In healthy subjects, supratherapeutic doses of rilpivirine (75 mg once daily and 300 mg once daily) have been shown to prolong the QTc interval of the electrocardiogram [See Drug Interactions (7) and Clinical Pharmacology (12.2)]. COMPLERA should be used with caution when coadministered with a drug with a known risk of Torsade de Pointes.

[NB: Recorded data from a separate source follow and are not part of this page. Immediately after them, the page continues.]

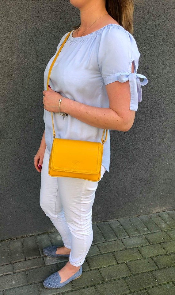 IL GIGLIO Włoska skórzana torebka / listonoszka wykonana z wysokogatunkowej naturalnej miękkiej skóry cielęcej. Zamykana od góry na klapę na magnes. Torebka jednokomorowa przedzielona na środku kieszenią na suwak, wewnątrz dodatkowo jeszcze jedna kieszonka na zamek + kieszonka z przodu pod klapą + z tyłu torebki kieszonka na suwak. Wnętrze wykończone trwałą podszewką. Długi, regulowany pasek umożliwia wygodne noszenie na ramieniu lub przez ramię. Elementy wykończenia w kolorze złotym.
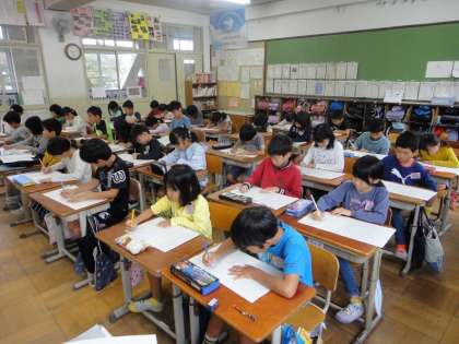しーんとした中,集中して視写に取り組みました。
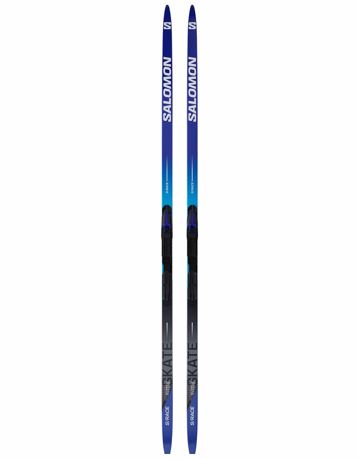 Salomon S/Race Skate : ski nordique compétition 1060 g, noyau Nomex carbone, semelle G5, flex D2FC, fixation Prolink Shift inclus.
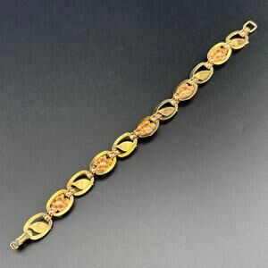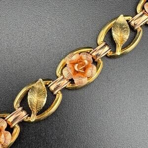 Signed Krementz Rose Yellow Gold Filled Flower Chain Bracelet 7"
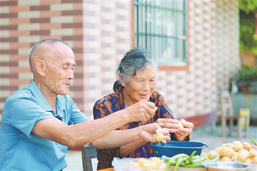 8月27日,在贺州市八步区莲塘镇莲塘村一个温馨的农家庭院里,刘国桃和妻子在制作豆腐酿和辣椒酿。
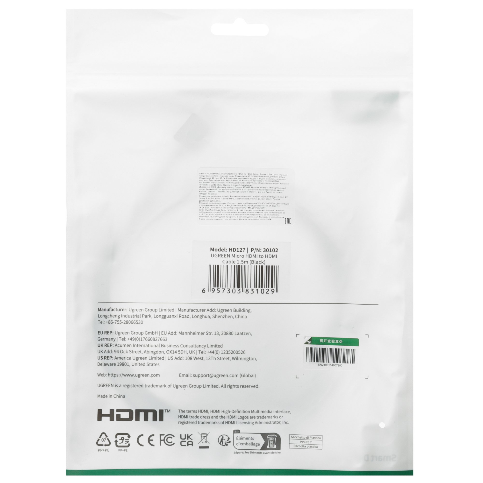 Кабель однонаправленный Ugreen HDMI - micro HDMI обладает длиной 1.5 м. Формат передаваемого сигнала – цифровой. Кабель поддерживает статический HDR.
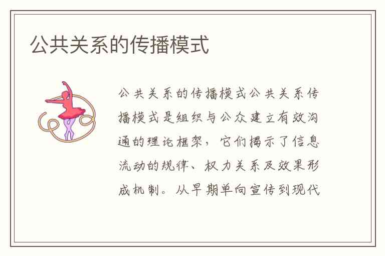 公共关系传播模式是组织与公众建立有效沟通的理论框架,它们揭示了信息流动的规律、权力关系及效果形成机制。从早期单向宣传到现代双向对话,这些模式的演变反映了公关从“操纵舆论”到“构建信任”的价值转变。以下是经过时间检验且仍具实践价值的核心传播模式:
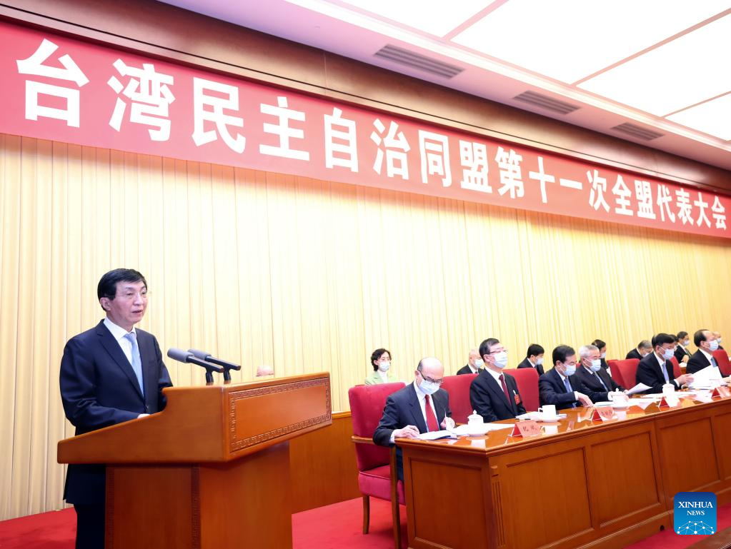 Wang Huning, a member of the Standing Committee of the Political Bureau of the Communist Party of China (CPC) Central Committee, delivers a congratulatory message to the 11th national congress of the Taiwan Democratic Self-Government League on behalf of the CPC Central Committee, in Beijing, capital of China, Dec. 7, 2022. The congress opened on Wednesday. (Xinhua/Ju Peng)
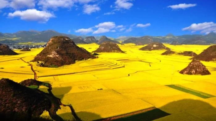 12. Поля рапса в китайской провинции Юньнань весной превращаются в яркое море цветов
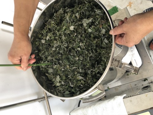 ホーリーバジル花・葉(フレッシュ)茎はあまり入らない花穂と葉のみ。この量で36L釜ちょうどいっぱいになるくらい。香り良い。精油もよく取れている。蒸留時間120分。加水6L。
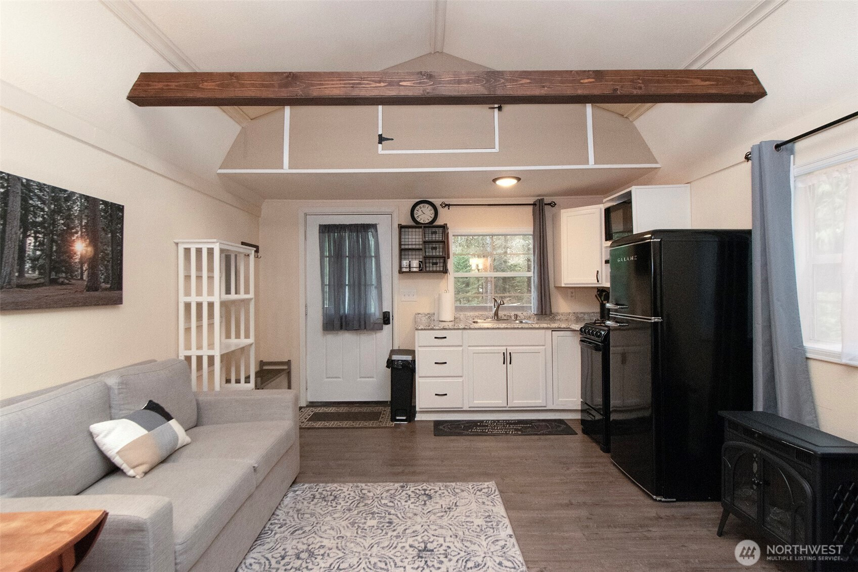 Set between Sequim and Port Angeles, this peaceful retreat sits on nearly 5 private acres and offers the space, flexibility, and natural beauty buyers seek in Olympic Peninsula real estate. Surrounded by evergreens and open sky, the property provides exceptional privacy while remaining close to town, trails, and coastal recreation.Inside, the home is filled with natural light thanks to abundant double-pane windows that frame the surrounding landscape. A cozy gas stove warms the second bedroom, while a ductless heat pump ensures efficient year-round comfort. The living area is enhanced by a projector home-theater system with a 12-foot screen—perfect for movie nights or game-day gatherings. The kitchen features warm birch cabinets and a functional layout ideal for everyday cooking or hosting.Outdoors, the acreage offers room to spread out with multiple outbuildings for storage, hobbies, or workspace. Dedicated space for RV parking or a boat makes it easy to enjoy the region’s marinas, lakes, and coastline. This property delivers a rare blend of comfort and Northwest lifestyle.A great opportunity for buyers searching for homes with space, serenity, and versatility on the Olympic Peninsula.
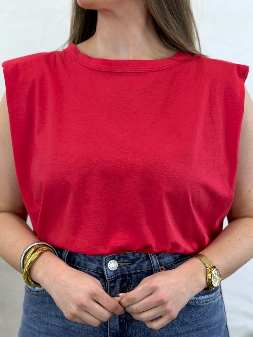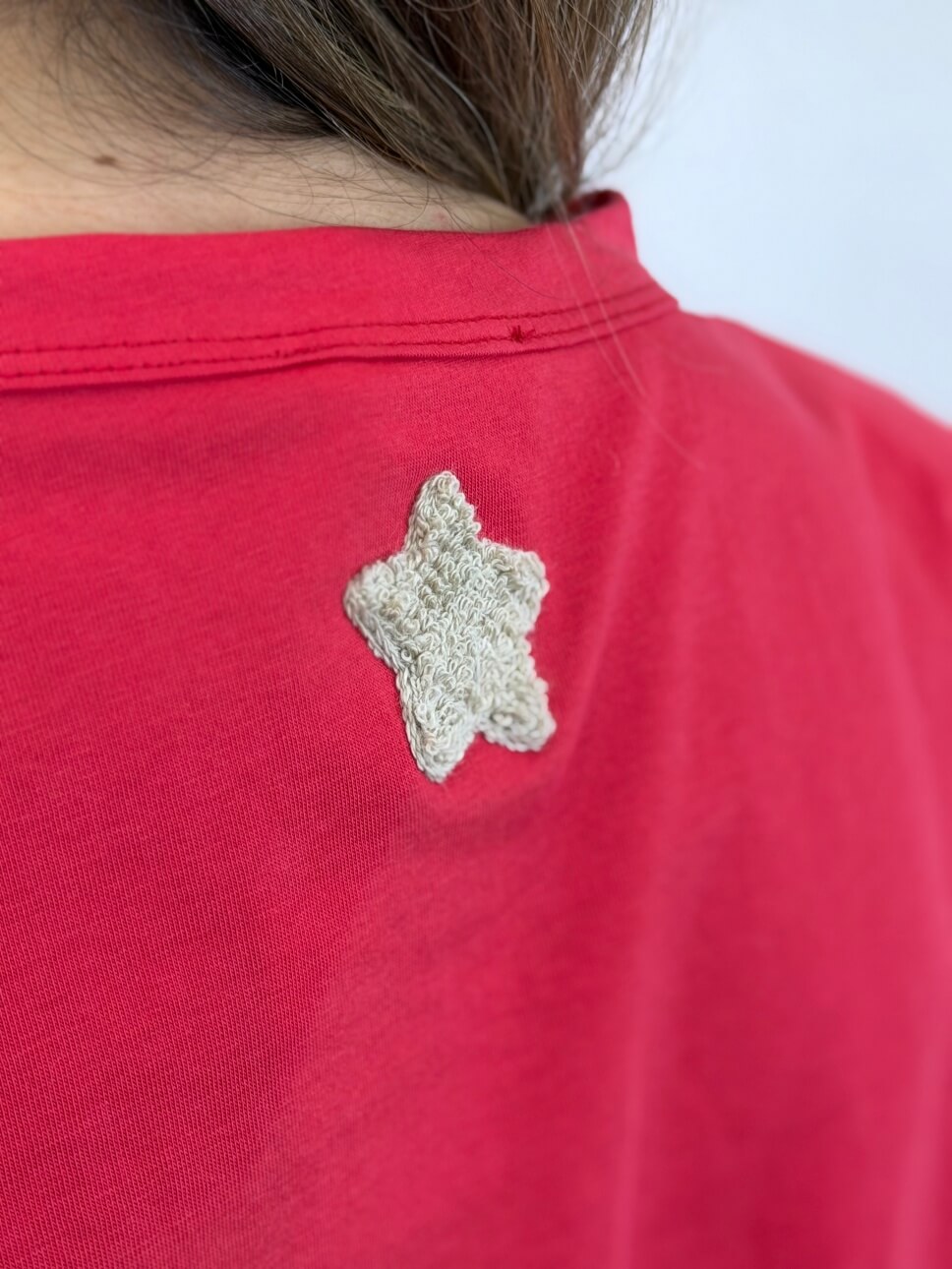 Camiseta de hombreras de la marca Allo Allo lisa y estrella estampada en la parte trasera en tejido de relieve.

The adverse reaction depressive disorders (depressed mood, depression, dysphoria, major depression, mood altered, negative thoughts, suicide attempt, suicidal ideation) has been reported with rilpivirine. During the Phase 3 trials (N=1368) through 96 weeks, the incidence of depressive disorders (regardless of causality, severity) reported among rilpivirine (N=686) or efavirenz (N=682) was 9% and 8%, respectively. Most events were mild or moderate in severity. The incidence of Grade 3 and 4 depressive disorders (regardless of causality) was 1% for both rilpivirine and efavirenz. The incidence of discontinuation due to depressive disorders among rilpivirine or efavirenz was 1% in each arm. Suicidal ideation was reported in 4 subjects in each arm while suicide attempt was reported in 2 subjects in the rilpivirine arm. Patients with severe depressive symptoms should seek immediate medical evaluation to assess the possibility that the symptoms are related to COMPLERA, and if so, to determine whether the risks of continued therapy outweigh the benefits.